And it wasn’t simply me. My eyes were closed, and my eyebrows knitted together in a frown. The corners of my mouth pulled downward, and there was a darkness coming off the painting which I couldn’t quite define. It was as if he’d seen the essence of my soul and poured it inside his art.

That was me, the real me, and it shattered my core to understand that Adrian truly saw me with his artist eyes.

He rested his forearms on my shoulders and angled his head to press his cheek against mine.

“What do you think, Jo?”

I was speechless. It had to be his best work to date. I didn’t want him to think that it was getting to my head that he enjoyed painting me so much. But I had to give him credit for making such an astonishing thing.

“It’s amazing.”

“Really?” he teased me. “Is it you?”

I nodded. I couldn’t bring myself to say it, to ask how he could see so much of me when I was someone else to the entire world.

“I took your advice,” he said, moving away.

I noticed only then the slick large device connected to the laptop. It was a huge screen that lit up and Adrian did a quick demonstration of adding a few details to the painting by moving a pen over it.

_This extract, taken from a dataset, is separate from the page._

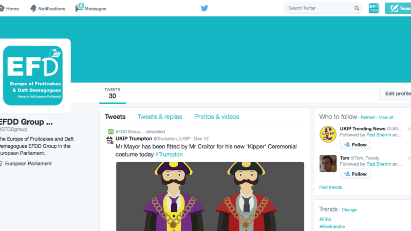 The @EFDDgroup one was more subversive, and it was not clear that I had registered the account. The account uses a similar logo and colour scheme to the EFDD Group in the European Parliament, but – really – who thinks that “The Europe of Fruitcakes and Daft Demagogues” is actually the real group? Anyway, someone in the group in the EP complained and got it suspended.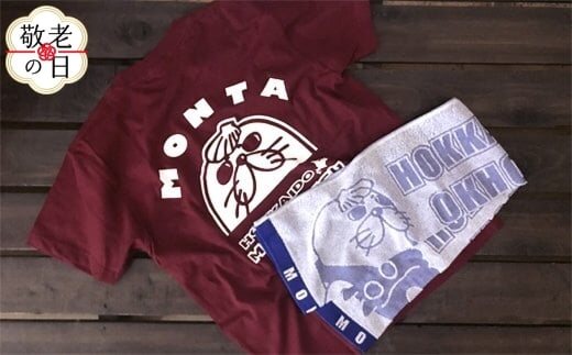 17-187 【敬老ギフト】ゆるキャラ紋太グッズ(Tシャツ[バーガンディーL]、タオル[ブルー])

“It helps a lot, especially with corrections,” he said.

“Was it expensive?”

Adrian shrugged. “I had enough money, and that’s the only thing that matters, right?”

“You’re right. I’m glad you did that.”

Adrian observed me closely. “Are you sad?”

“No.” I shook my head. “Why would I be?”

It was too early for me to tell him how much I loved him because he could see me, the real me, without knowing that later it would be too late.

“You look sad,” he insisted, brushing my hair away from my forehead.

“This is my usual face. Morose by nature.” My joke fell flat.

He took my hands in his and then kissed me. I heard him closing the laptop, and I regretted that he seemed to be sorry for showing me that.

I was becoming more and more aware of how fortunate I was to have him all to myself when he could have anyone he chose.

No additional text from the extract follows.